→ Source data:
=====
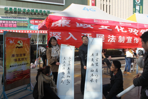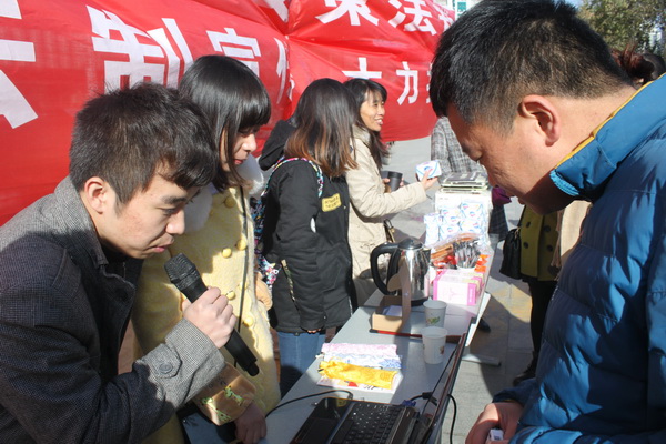 在我國第一個“憲法日”來臨之際,為全面貫徹落實十八屆四中全會精神,增強全民法治觀念,強化反腐倡廉意識,推進法治社會建設(shè),由西安市未央?yún)^(qū)紀委、司法局主辦,我校管理學(xué)院團委與法學(xué)系及陜西豐東律師事務(wù)所承辦的12·4“憲法日”公益法制宣傳活動在未央?yún)^(qū)龍首村紅星美凱龍廣場舉行。
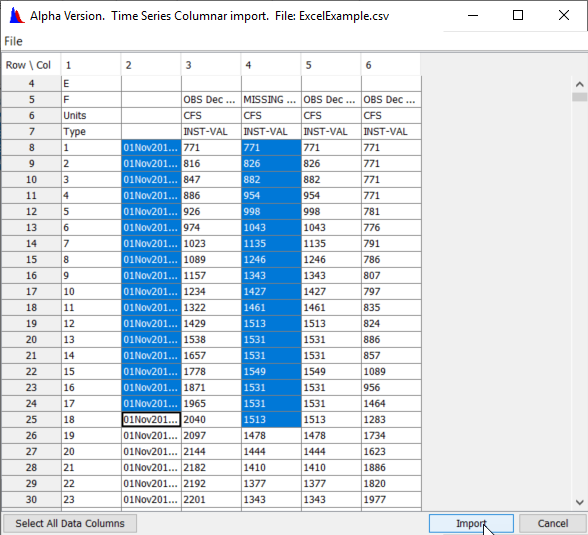 5.For regular-interval time series data, select the column cells that you wish to import. For irregular-interval data, you need to select date/time column cells also.
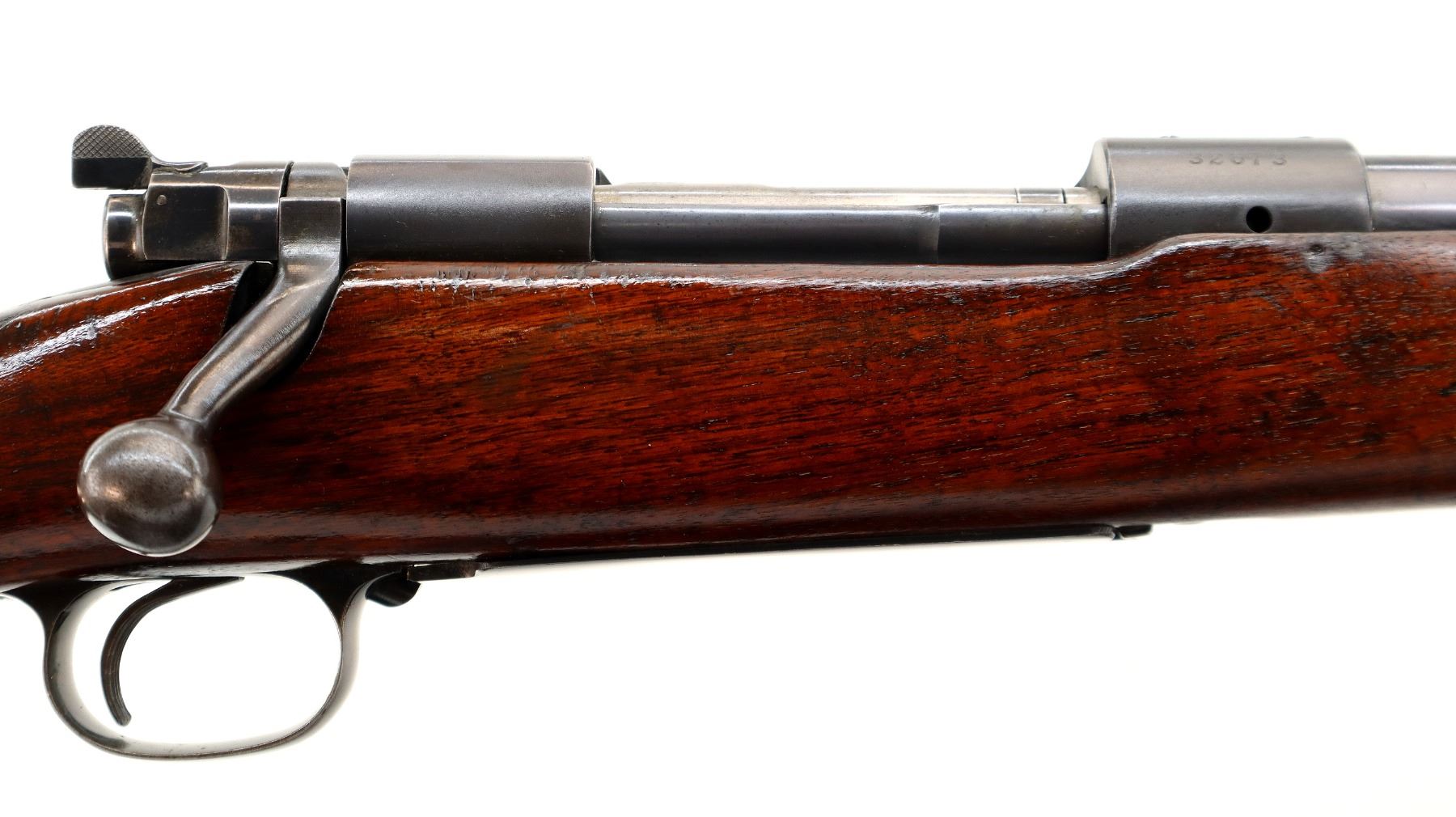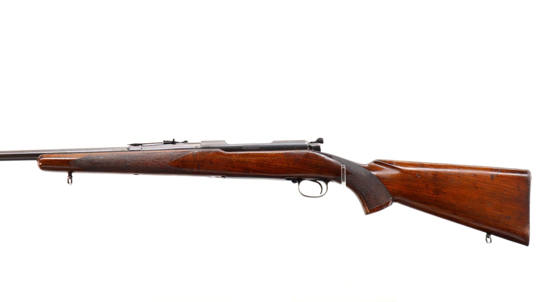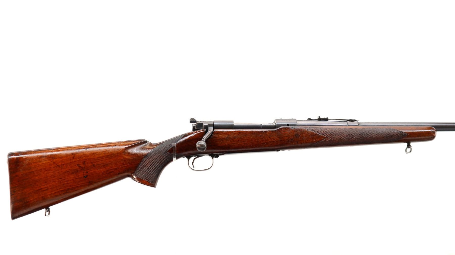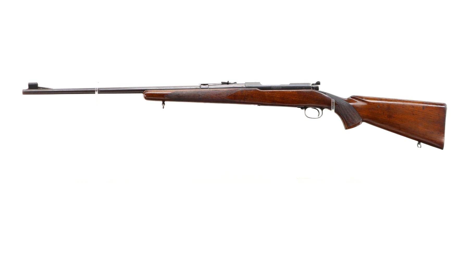 Main Description: Manufactured 1941. Blade front sight with hood and ramp, adjustable u notched rear sight, Satin Blued receiver, front ring drilled and tapped with plug screws installed, rear bridge has stripper clip guide, controlled round feed bolt with smooth knob. One piece wood stock, checkered forearm, pistol grip and steel butt plate, hinged floor plate, sling swivels.
=====
Please retype the listing exactly, leaving out any images.

→ Reply:
 在我國第一個“憲法日”來臨之際,為全面貫徹落實十八屆四中全會精神,增強全民法治觀念,強化反腐倡廉意識,推進法治社會建設(shè),由西安市未央?yún)^(qū)紀委、司法局主辦,我校管理學(xué)院團委與法學(xué)系及陜西豐東律師事務(wù)所承辦的12·4“憲法日”公益法制宣傳活動在未央?yún)^(qū)龍首村紅星美凱龍廣場舉行。
 5.For regular-interval time series data, select the column cells that you wish to import. For irregular-interval data, you need to select date/time column cells also.
 Main Description: Manufactured 1941. Blade front sight with hood and ramp, adjustable u notched rear sight, Satin Blued receiver, front ring drilled and tapped with plug screws installed, rear bridge has stripper clip guide, controlled round feed bolt with smooth knob. One piece wood stock, checkered forearm, pistol grip and steel butt plate, hinged floor plate, sling swivels.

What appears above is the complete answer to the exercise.